** Excerpted records follows **
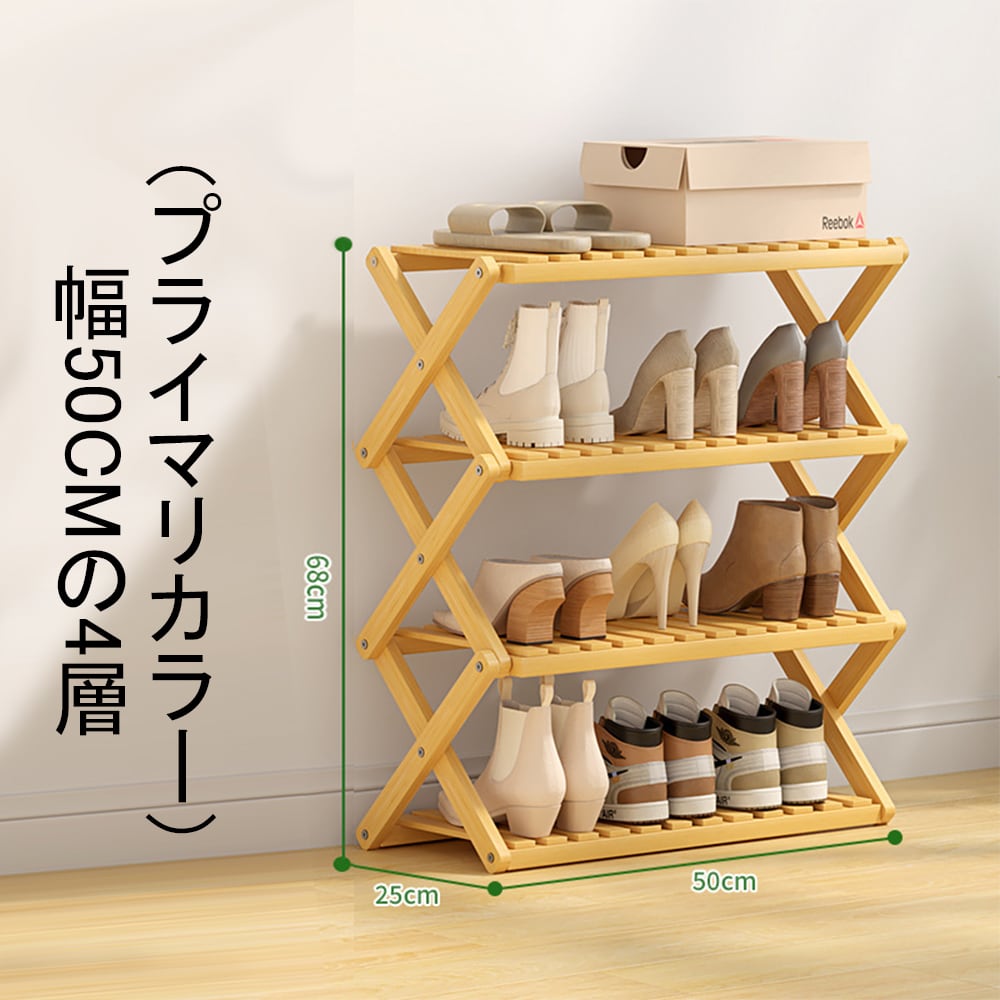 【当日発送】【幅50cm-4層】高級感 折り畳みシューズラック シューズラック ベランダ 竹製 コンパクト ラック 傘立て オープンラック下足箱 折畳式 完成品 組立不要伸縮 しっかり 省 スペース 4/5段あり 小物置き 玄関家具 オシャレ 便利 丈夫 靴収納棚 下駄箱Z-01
** End of Excerpted records **
** Excerpted records follows **
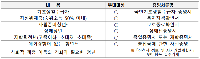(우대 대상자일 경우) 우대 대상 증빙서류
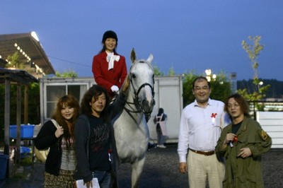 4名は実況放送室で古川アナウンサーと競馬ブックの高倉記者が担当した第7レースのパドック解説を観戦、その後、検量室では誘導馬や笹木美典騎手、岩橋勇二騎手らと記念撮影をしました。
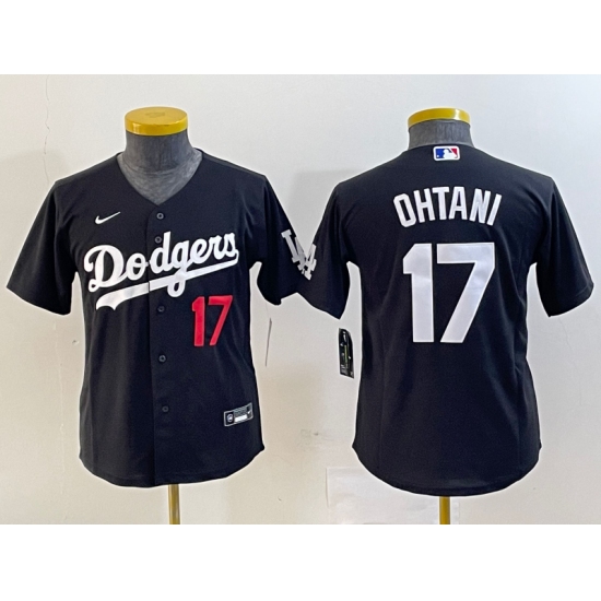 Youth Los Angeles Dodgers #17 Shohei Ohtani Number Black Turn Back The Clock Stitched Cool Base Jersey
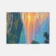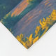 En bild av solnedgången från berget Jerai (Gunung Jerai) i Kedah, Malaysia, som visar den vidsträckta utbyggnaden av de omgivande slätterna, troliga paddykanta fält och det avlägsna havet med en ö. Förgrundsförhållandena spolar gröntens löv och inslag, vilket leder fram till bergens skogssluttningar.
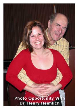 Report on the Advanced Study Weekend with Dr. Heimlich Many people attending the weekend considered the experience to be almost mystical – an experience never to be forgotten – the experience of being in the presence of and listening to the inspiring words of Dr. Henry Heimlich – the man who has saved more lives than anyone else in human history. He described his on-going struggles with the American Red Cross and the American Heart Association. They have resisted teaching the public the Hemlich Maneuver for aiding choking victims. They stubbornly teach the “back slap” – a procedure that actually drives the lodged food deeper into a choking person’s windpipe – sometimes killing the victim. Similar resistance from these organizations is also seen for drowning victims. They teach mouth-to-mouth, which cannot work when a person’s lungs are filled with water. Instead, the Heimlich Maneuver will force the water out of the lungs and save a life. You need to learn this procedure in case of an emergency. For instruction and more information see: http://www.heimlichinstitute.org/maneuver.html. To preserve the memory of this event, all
** End of Excerpted records **
§ Exercise aim: Would you output the lines above from the line holding "4名は実況放送室で古川アナウ" up to and including the line holding "En bild av solnedgången", exactly and only those, with no pictures?

§ Result of this task:
 4名は実況放送室で古川アナウンサーと競馬ブックの高倉記者が担当した第7レースのパドック解説を観戦、その後、検量室では誘導馬や笹木美典騎手、岩橋勇二騎手らと記念撮影をしました。
 Youth Los Angeles Dodgers #17 Shohei Ohtani Number Black Turn Back The Clock Stitched Cool Base Jersey
 En bild av solnedgången från berget Jerai (Gunung Jerai) i Kedah, Malaysia, som visar den vidsträckta utbyggnaden av de omgivande slätterna, troliga paddykanta fält och det avlägsna havet med en ö. Förgrundsförhållandena spolar gröntens löv och inslag, vilket leder fram till bergens skogssluttningar.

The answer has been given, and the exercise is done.